The service will be available on Vodafone, T-Mobile, Orange and 02 and costs under £1 per month per phone. MobileLocate also runs the recently launched ChildLocate, a similar service aimed at parents who want to find out where their children are.

MobileLocate MD Jon Magnusson said the service can be used in two ways: "Small and medium-sized companies... can check staff are attending jobs and compare their timesheets [for example]. We've also started to see companies and institutions using it to try and locate phones and PDAs."

It's an area of technology tracking that Magnusson expects to grow with the widespread use of smart phones, mobiles and PDAs for teleworkers to help businesses recover expensive hardware as well as the often valuable data they hold.

With the birth of several similar services, some staff may be concerned, either due to privacy fears or worries their work patterns may be uncovered - Stephen Hurcom, European MD for fellow staff-tracking service Autodesk Location Services said: "Monitoring means you can check someone isn't sitting in a lay-by reading the paper for two hours."

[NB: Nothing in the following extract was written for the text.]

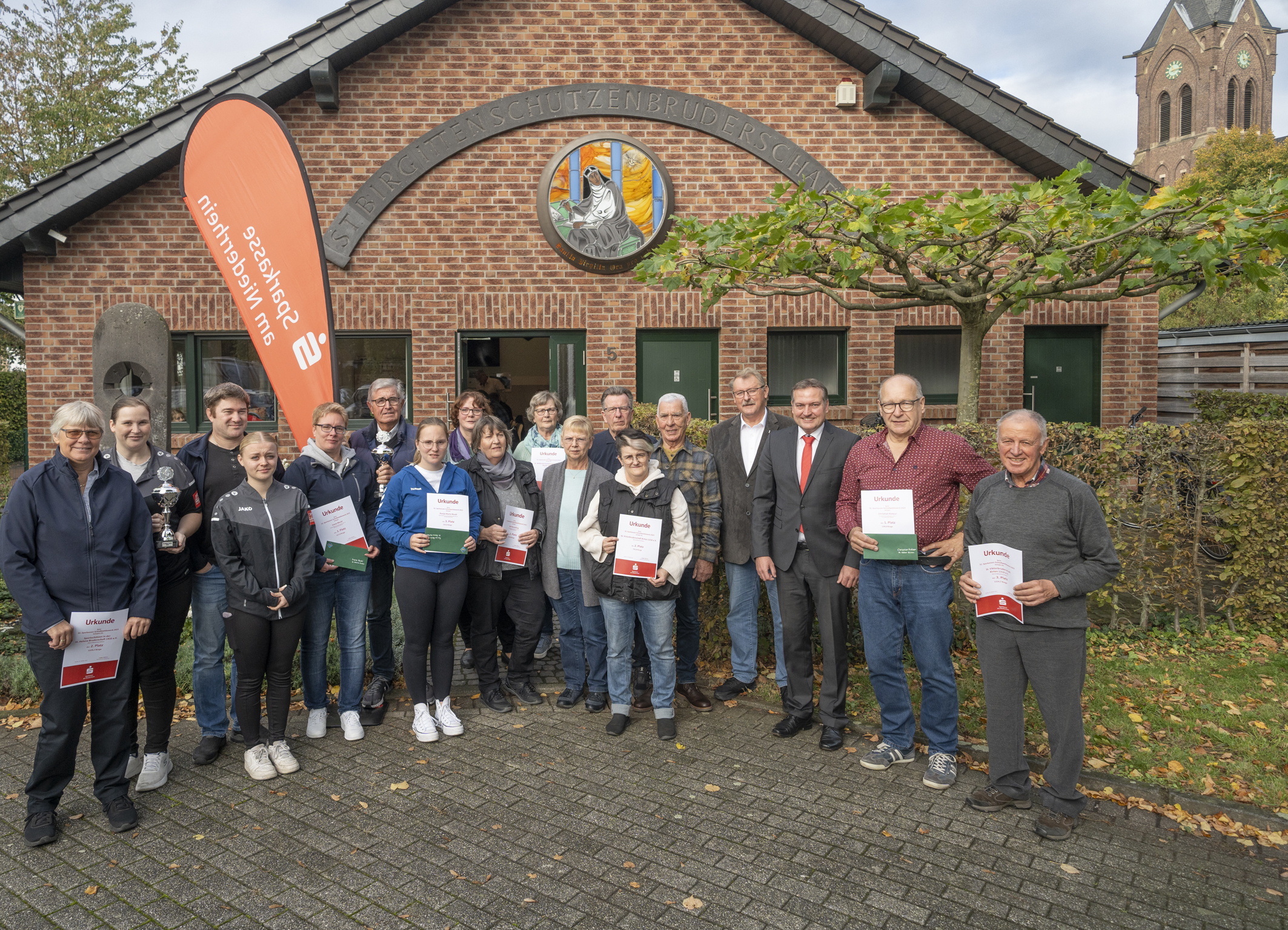 Gruppenfoto mit den Siegern der Mannschafts- und Einzelwertungen beim Sparkassen-Schießwettbewerb in Xanten. Ludger Wehren, 3. v. r., überreichte die Preisgelder.

Mobile operators and tracking providers have got together to create a Code of Practice for the use of locating services -- staff can't be tracked without their knowledge and have to consent to the tracking.

"My feeling is that it's like any new service -- people are concerned. It's like when we first had the issue of the content of emails being tracked... people were concerned it was Big Brother," said Magnusson, adding that tracking companies have to prove staff have consented to be tracked.

"At the end of the day, you can turn your phone off [if you don't want your bosses to track you]", Magnusson said.